Arhu made an uncertain face, as if not sure how to render what had been said to him. "She said,
If you take what I give you, and live through the trouble that follows— and it
will
follow— then you'll be strong forever. Strong for all your lives.
" His voice was going matter-of-fact now, like someone repeating a milk-story heard long ago against his dam's belly. "I wanted that. To be strong. I said,
What could happen to me that would be worse than what's already happened? Do it. Give it to me.
She said,
Are you sure? Really sure?
I said,
Yes, hurry up, I want it now.
She said,
Then listen to what I'm going to say to you now, and if you believe in it, then say it yourself, out loud.

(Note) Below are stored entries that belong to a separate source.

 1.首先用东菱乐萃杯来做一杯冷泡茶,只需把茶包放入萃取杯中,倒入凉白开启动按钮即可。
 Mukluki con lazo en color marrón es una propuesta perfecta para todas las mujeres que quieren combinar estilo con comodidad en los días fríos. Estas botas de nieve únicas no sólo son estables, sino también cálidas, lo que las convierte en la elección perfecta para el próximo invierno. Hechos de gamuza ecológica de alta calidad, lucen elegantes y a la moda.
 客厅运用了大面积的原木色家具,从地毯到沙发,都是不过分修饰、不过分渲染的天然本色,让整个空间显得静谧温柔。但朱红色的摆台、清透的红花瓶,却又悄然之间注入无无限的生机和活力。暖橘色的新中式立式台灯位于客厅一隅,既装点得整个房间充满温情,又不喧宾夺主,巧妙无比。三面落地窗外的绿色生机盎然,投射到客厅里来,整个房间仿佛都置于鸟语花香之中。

And I said it, though some of it was pretty stupid. And it was quiet then."
"Hmm. Where was this alley, exactly?" said Urruah.
" 'Ru, shut up. You can check the Gristede's later. Arhu," Rhiow said, "say what she told you to."

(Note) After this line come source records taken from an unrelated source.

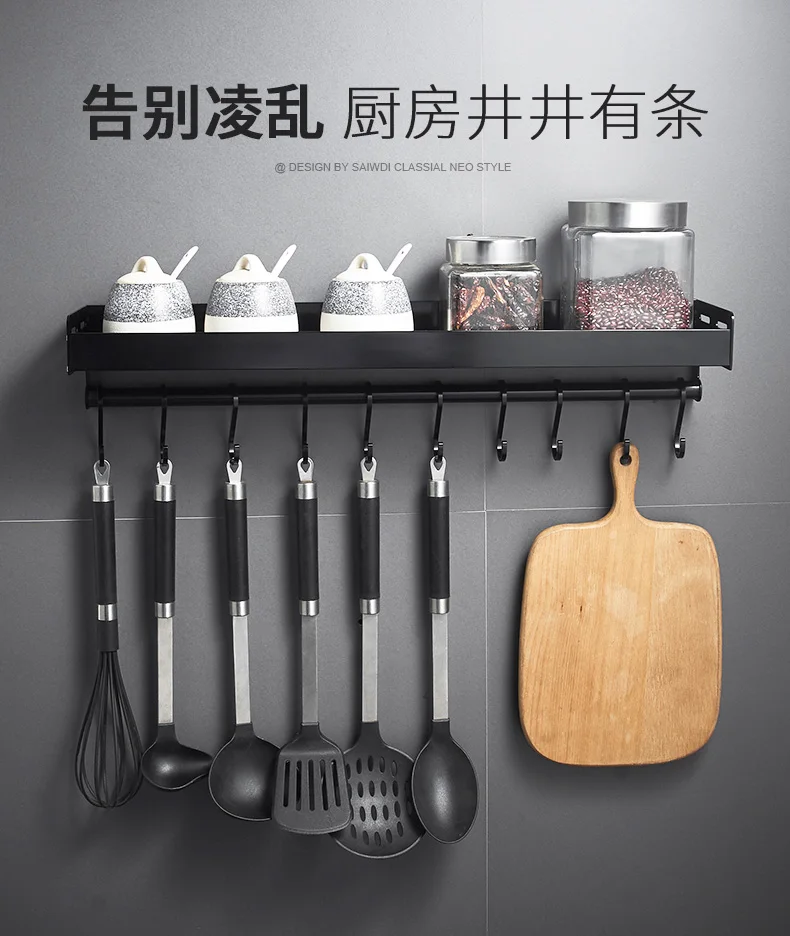 Such is the article Black Wall Mounted Kitchen Racks with Hooks Space Aluminum Storage Shelf Kitchen Appliances Spice Rack Kitchen Rack Organizer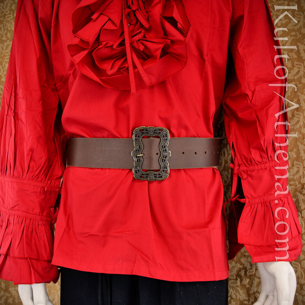 The Tortuga Pirate Belt is crafted from wide and thick, quality leather that is both strong and supple. The belt is adjustable with its large, antiqued brass belt buckle.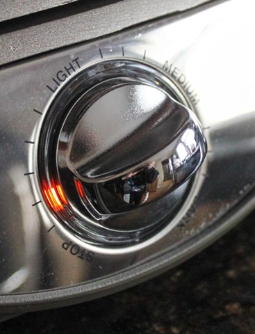 Before turning on the waffle maker you indicate your preferred doneness with the knob (light, medium, or dark). You then plug in the waffle maker to allow it to pre-heat. Once the waffle maker has pre-heated, it chimes letting you know it’s ready for batter. When you open the lid to add the batter the light indicator on the front goes all the way back to the first setting (see left picture). You add the batter, close the lid, and the light indicator moves in increments as the waffles cook. That way, you’ll know how done your waffle is instead of “peeking” inside. When the light gets all the way back to your cooking choice (mine here was medium, see right picture), it chimes again letting you know the waffles are done!

A little silence, and then he began to speak, and a shiver went down Rhiow from nose to tail: for the voice was his, but the tone, the meaning and knowledge held in it, was another's. "In Life's name, and for Life's sake, I assert that I will employ the Art that is Its gift in Life's service alone. I will guard growth and ease pain. I will fight to preserve what grows and lives well in its own way: nor will I change any creature unless its growth and life, or that of the system of which it is part, are threatened. To these ends, in the practice of my Art, I will ever put aside fear for courage, and death for life, when it is fit to do so— looking always toward the Heart of Time, where all our sundered times are one, and all our myriad worlds lie whole, in That from Which they proceeded…."
No hesitation, no uncertainty; as if it had been burned into his bones. Rhiow and Urruah and Saash all looked at one another.
"Then what happened?"
He stirred. "After a while, I felt better, and I saw I could get away— none of
them
were there. I walked out into the street. It was quiet. It was late, just the steam coming up out of the street, you know how it does. I walked a long time until I saw inside there, inside those doors. It was all bright and warm, but the doors were shut. I thought,
It's no use, there's no way to get in.
But then—" Now he sounded dreamily mystified, though at a remove. "Then someone— then I heard
how
to get in, if I wanted to. I knew more than I knew a minute before: a way to move, and words to say. And she said,
Do that, and then go in and see what happens. I dare you.
So I did. I said the words, and I walked in through the doors…
through
them!… and then on under the sky-roof, and on down through those littler doors, down into the dark…"
Arhu trailed off, and shivered. "I'm tired," he said, and closed his eyes.